Locatelli mahir mengelak dari pressing serta tenang saat mengecoh lawan. Locatelli juga merupakan pemain yang selalu mewawas pemosisian dan potensi pergerakan lawan sebelum menerima bola.

Ada yang menyebut bahwa Locatelli akan menjalankan peran serupa Paul Pogba jika ia menjejak ke Juventus. Anggapan itu rasanya bisa menjadi kenyataan. Melihat heatmap Locatelli di Sassuolo, ia nyaris menjadi gelandang tersibuk. Ia berperan membantu pertahanan, ikut membantu melakukan build-up, hingga dalam sejumlah momen mengkreasikan peluang di sepertiga akhir lapangan.

Locatelli memang bukan pemain yang terus-menerus beroperasi di area kotak penalti. Namun, bukan tak mungkin keberadaannya bisa menjadi opsi lain bagi serangan Juventus. Ambil contoh di laga melawan Swiss. Jangan lupa bahwa ia yang datang ke area para striker untuk mengonversi peluang.



Juventus tak menjadi satu-satunya klub yang dikaitkan dengan Locatelli. Arsenal pun dikabarkan tengah mengupayakan tanda tangannya. Isu mendekatnya Locatelli ke Arsenal dikaitkan dengan potensi duetnya dengan Thomas Partey. 
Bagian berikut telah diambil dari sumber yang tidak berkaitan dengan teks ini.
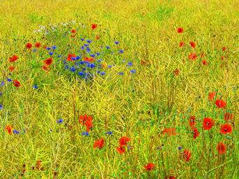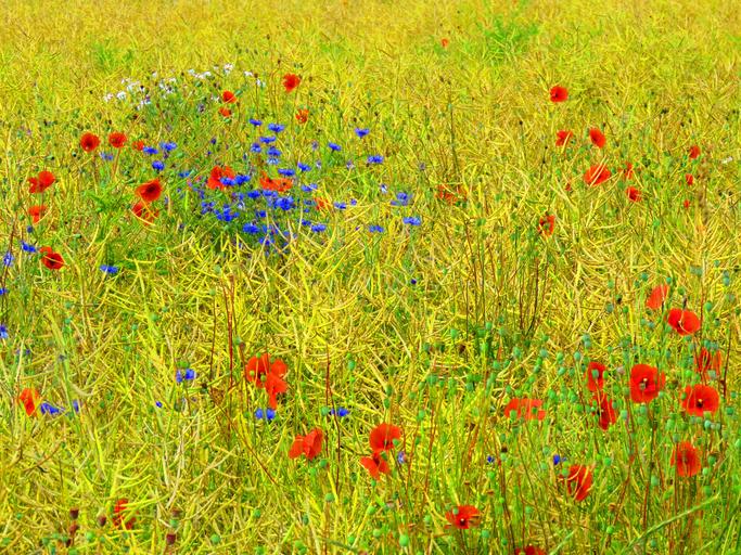 Keywords: wildflowers flower meadow poppy cornflowers red blue colorful nature summer flowers summer meadow grasses blütenmeer
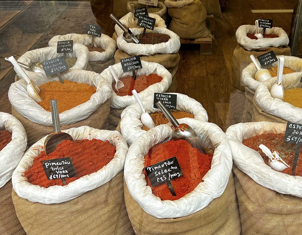 Spices displayed in a store window
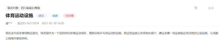 該網友在留言中表示,金牛區體育場作為區綜合體育運動場所,存在缺少乒乓球運動設施的情況。同時,體育場附近的同類公共場地也較少,希望能夠多建一些這類貼近老百姓的公益設施,讓成都公園城市更放異彩。

Jika berduet dengan Locatelli, Partey diharapkan dapat mencapai potensi terbaiknya. Keberadaan Locatelli bisa saja memberikan ruang yang lebih luas kepada Partey. Kemungkinan ia tidak selalu dituntut berada di depan pemain belakang, tetapi juga menutup kreator serangan lawan jika dibutuhkan. Dengan begitu, Arsenal akan memiliki pemain pivot yang mampu menutup pergerakan para penyerang lawan. 

Partey tiba di Arsenal dengan ruang lingkup untuk bermain lebih ekspansif daripada yang dia lakukan di Atletico Madrid. Sebagai gelandang bertahan proaktif, menghindari tekanan dan membawa Arsenal ke fase kedua adalah hal yang membuat permainan alaminya bisa hidup.

Locatelli dapat bermain di tepi dan memungkinkan Partey untuk melepaskan turnover dan menghentak. Duet impian ini tidak akan hanya bergantian mengemban tugas bertahan dan menyerang, tetapi juga dapat berkontribusi di sepertiga akhir lapangan. 

Keduanya dapat melepas umpan ke pemain depan melalui ruang sempit dan mematahkan garis pertahanan lawan. Fleksibilitas dan keserbabisaan keduanya menjadi nilai plus sehingga bukan tak mungkin missing link di lini kedua Arsenal itu dapat segera teratasi.